This release is available in French.
The Research Institute of the McGill University Health Centre (RI-MUHC) was one of three winners in the Fonds de la recherche en santé du Québec (FRSQ) competition 2011-2012. The RI-MUHC won in the category of Projects for innovative strategic development aimed at supporting projects essential to maintaining the competitiveness of a research centre. This four-year grant of $1.4M will allow the RI-MUHC to lead an innovative research project to achieve their goal of developing Personalized Medicine.
"We believe that the time is ripe to undertake this innovative project with support from the FRSQ," says Dr. Vassilios Papadopoulos, Director of the RI-MUHC, the MUHC hospital-based research centre that focuses on translational research -- the translation of research from the bench to bedside. "If successful, this work will create the roadmap to building personalized medicine programs across a spectrum of diseases that could lead to changes in healthcare delivery."
Under the auspices of this project, an interdisciplinary research team will combine recent advances in bioinformatics, state-of-the-art technologies, and new information about how biological systems interact, to create a new RI-MUHC competitive program in translational research. Researchers will focus on Non-alcoholic Fatty Liver Disease (NAFLD) and Non-alcoholic Steatohepatitis (NASH) - leading causes of chronic liver diseases that are emerging as a potential healthcare crisis.

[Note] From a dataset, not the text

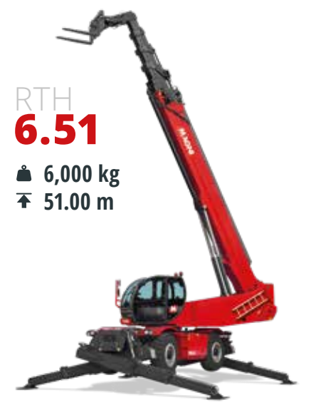
Volvo 175 kW (238 hp) @ 2,300 rpm
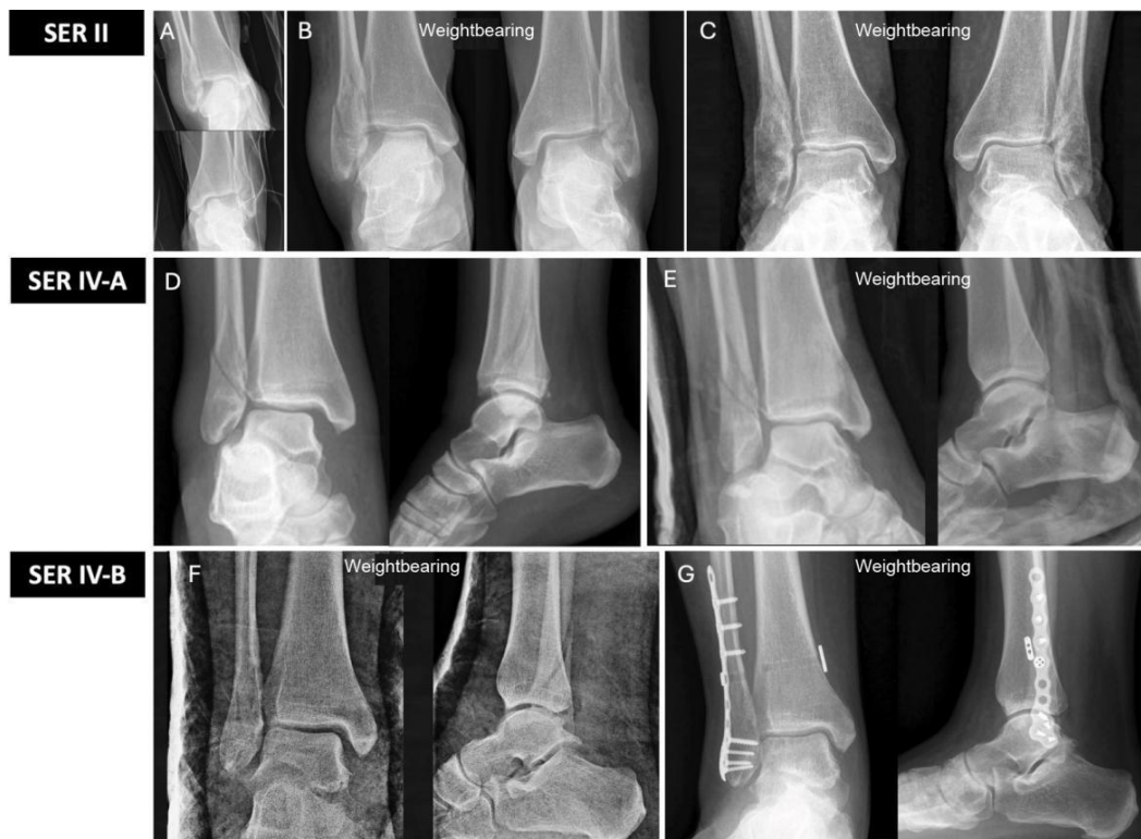
Figure 4. Example of SER 2 fracture. (A) Non-weightbearing X-ray showing bilateral trans-syndesmotic fibular fracture. (B) Weightbearing X-ray MCS maintained (<4 mm). It was treated by immediate weightbearing without immobilisation. (C) Weightbearing X-ray at 6 months showing correct fracture healing. Example of a SER 4a fracture. (D) Non-weightbearing X-ray with increased MCS (>4 mm). (E) Weightbearing X-ray showing reduction of the medial clear space with loading at 90°. The fracture was managed conservatively with a weightbearing cast. Example of SER 4b ankle fracture. (F) Weightbearing X-ray showing opening of the MCS and asymmetry of the mortise (unstable lesion). (G) Surgery is indicated with open reduction and internal fixation with plate and screws in the fibula and fixation of the syndesmosis by means of a dynamic system.

SER 4 fractures with medial bone injury (bimalleolar or trimalleolar) are considered unstable injuries and surgical treatment is recommended. However, in the case of SER 4 fractures with medial ligamentous injury, we divide them, depending on whether or not the posterior fascicle of the deep deltoid ligament (dPTTL) is injured, into stable (SER 4a) and unstable (SER 4b). [4, 5] SER 4a fractures can be treated conservatively, using a 90° weight-bearing cast [4, 38] (Fig. 4). It is important to note that this weightbearing cast should not be removed or replaced by a removable boot, as dorsal flexion at 90° helps the anterior fascicle of the deep deltoid ligament to heal in an appropriate position. If a removable boot were used, this ligament could heal in an incorrect position, which could lead to ligamentous laxity and instability of the ankle in plantar flexion. Thus, SER 4a fractures are potentially unstable if treated incorrectly. However, SER 4b fractures are considered unstable from the outset and require surgical treatment of the fibula and deltoid ligament (Fig. 4). This is because the posterior fascicle of the deep deltoid ligament cannot heal on its own and needs repair. [36]

"NAFLD and NASH will serve as a model for this new approach to treating disease and will provide the tools to better diagnose and manage a patient's disease or predisposition to it," explains Dr. Tommy Nilsson, Director of the Proteomics and Systems Medicine Program at the RI-MUHC, Professor at McGill University, Medical Faculty, and lead investigator of the project. "This will form the basis for personalized medicine in the future."
Frequently associated with obesity, NAFLD - where fat is deposited in the liver - affects about one third of the adult population worldwide. In 25% of those patients, NAFLD will progress to NASH leading to inflammation and damage. Currently, there is no single reliable biochemical marker that can diagnose NAFLD or its progression to NASH and there are few treatment options other than palliative support or liver transplantation. Diagnostic markers to accurately identify patients with NAFLD and NASH are urgently needed to provide cost-effective care.
"One of the goals of our project is to identify new and valuable disease 'predictors' or biomarkers that will allow physicians to better understand and predict the progression of NAFLD and NASH," explains Dr. Nilsson who is also Director of Proteomics at The McGill University and Genome Quebec Innovation Centre. "These predictors could form the basis of new diagnostic tests or treatment options. If successful in liver disease, the methods used here could be applied to other complex diseases."
This program will provide an excellent training opportunity for a new generation of scientists and clinicians in advanced techniques in molecular and cell biology and bioinformatics.
In addition to Dr. Tommy Nilsson (RI-MUHC/McGill), Dr. Peter Metrakos (MUHC/McGill), Dr. John Bergeron (RI-MUHC/McGill), Dr. Rob Sladek (RI-MUHC/McGill), Dr. Silvia Vidal (RI-MUHC/McGill), Dr. Rima Rozen (RI-MUHC/McGill), Dr. Barry Posner (RI-MUHC/McGill), Dr. Vassilios Papadopoulos (RI-MUHC/McGill) and colleagues from MUHC and McGill participated in this research program.